Les nouveaux maîtres, souvent très jeunes, capricieux, ne voyaient en eux que des robots embarqués dans des machines à sensations fortes, capables d’aller très vite sur les tracés trompe-la-mort que dessinaient ces "directeurs de course", sans autre critère que la rapidité ; des toboggans, d’immenses lignes droites, qui eurent fait passer Spa pour La Châtre.
Gros cœur requis, couilles bien calées entre levier de vitesse et extincteur de bord. Wolfgang, grâce à Dieu, avait été doté de ces options sur lesquelles il savait pouvoir compter quand la Ferrari était lancée à fond dans le Monaco, un tunnel étroit, aussi glissant qu’un parquet encaustiqué, que quelques projecteurs maigrelets seulement éclairaient.
Son patron, le fils d’un gros industriel du sucre, a sorti la Sharknose, tôt ce matin. Wolfgang est déjà dans le baquet.
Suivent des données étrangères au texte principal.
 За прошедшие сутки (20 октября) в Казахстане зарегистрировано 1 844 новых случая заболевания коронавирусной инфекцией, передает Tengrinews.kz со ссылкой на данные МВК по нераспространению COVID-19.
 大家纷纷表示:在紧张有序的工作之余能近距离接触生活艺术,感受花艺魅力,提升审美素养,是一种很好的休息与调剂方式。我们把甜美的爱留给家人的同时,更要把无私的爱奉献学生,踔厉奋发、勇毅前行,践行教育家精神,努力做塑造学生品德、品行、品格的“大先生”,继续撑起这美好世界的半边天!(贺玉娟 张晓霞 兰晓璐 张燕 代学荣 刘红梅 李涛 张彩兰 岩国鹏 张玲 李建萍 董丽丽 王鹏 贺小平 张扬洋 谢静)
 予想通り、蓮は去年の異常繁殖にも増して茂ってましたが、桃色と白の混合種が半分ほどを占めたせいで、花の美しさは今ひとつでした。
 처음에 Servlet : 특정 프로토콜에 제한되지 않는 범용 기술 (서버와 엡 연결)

Leurs nouveaux contrats les obligeant à demeurer perpétuellement au volant, ou quasiment, les pilotes de seconde vie avaient choisi la facilité en campant littéralement dans les autos. Wolfgang, les bras tendus à 10 h 10, les reins calés contre le réservoir d’essence, est aux ordres.
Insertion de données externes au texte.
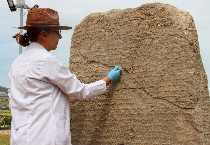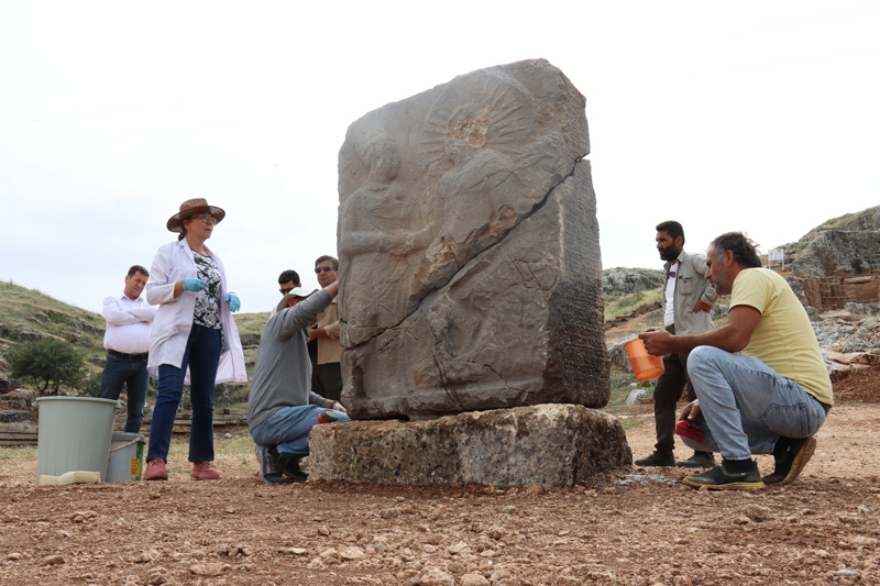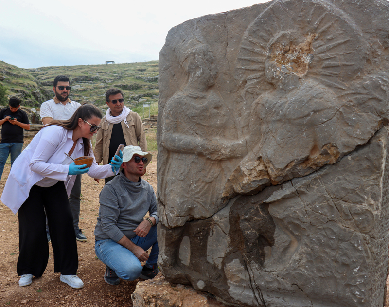 Ekipler, alanda tokalaşma sahnesinin olduğu kabartma ile yazıtların yer aldığı steller bulmuştu.
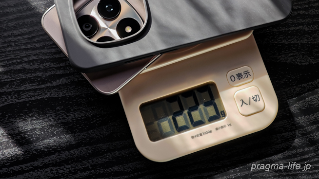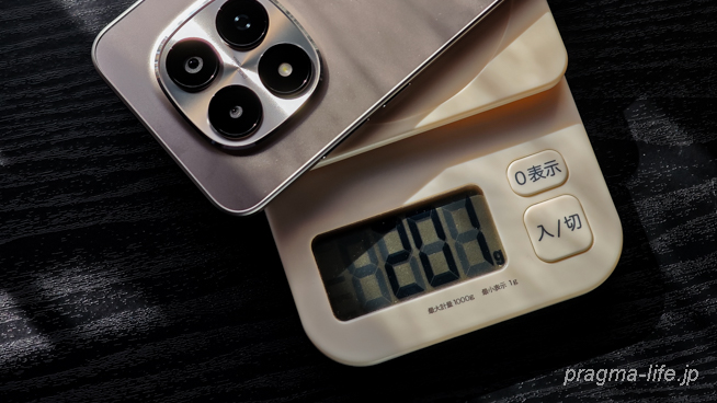 REDMI Note 15 Pro 5Gの本体は実測で約201gでした。公称より1g重いのは、画面にあらかじめ添付してあるフィルム分でしょうか。

Le chat noir de la maison croise son regard, n’accordant à la Sharknose aucun intérêt. C’est lui qu’il guette. Wolfgang s’arrangerait volontiers pour l’écraser si d’aventure il traversait la piste devant sa voiture. Avec quel bonheur il lui enfoncerait sa gueule de requin dans les côtes. Oui, mais voilà, le greffier est si gros !
Le fantasme quitte Wolfgang à l’instant où son directeur de course s’interroge sur le choix du circuit de la journée, en se grattant le cul, comme d’habitude. Vers lequel va se diriger l’imagination malade du tyran ? Le type Indy, un ovale dantesque ; le Monaco, qui, chez son maître, ne reprend du circuit original que le tunnel, c’est tout. Simple, efficace, mortel. Ou encore, le pire de tous, un grand huit sur lequel on hisse la Ferrari à l’aide d’un système complexe de grue et de palans.
Dans ce cas, sa mission, si Wolfgang l’accepte, est d'une simplicité biblique (en a-t-il le choix ? Pas vraiment si on lit attentivement les contrats des pilotes de seconde vie) : laisser agir la force d’attraction sur la Sharknose qui, guidée par la piste incurvée entre deux murs, dévale en roue libre jusqu’à une aire de réception constituée de gravillons ; une fois sur deux la voiture explose en se recevant sur cette surface qui l’envoie dans les airs.
Le chat adore quand la voiture déboule ; il la suit de l’œil, babines frémissantes, nullement impressionné par la vitesse. Wolfgang adore voir le chat à la sortie du grand huit ; si seulement il glissait l’ombre de sa moustache sur la piste, comment il la lui rentrerait dans la gorge, au greffier !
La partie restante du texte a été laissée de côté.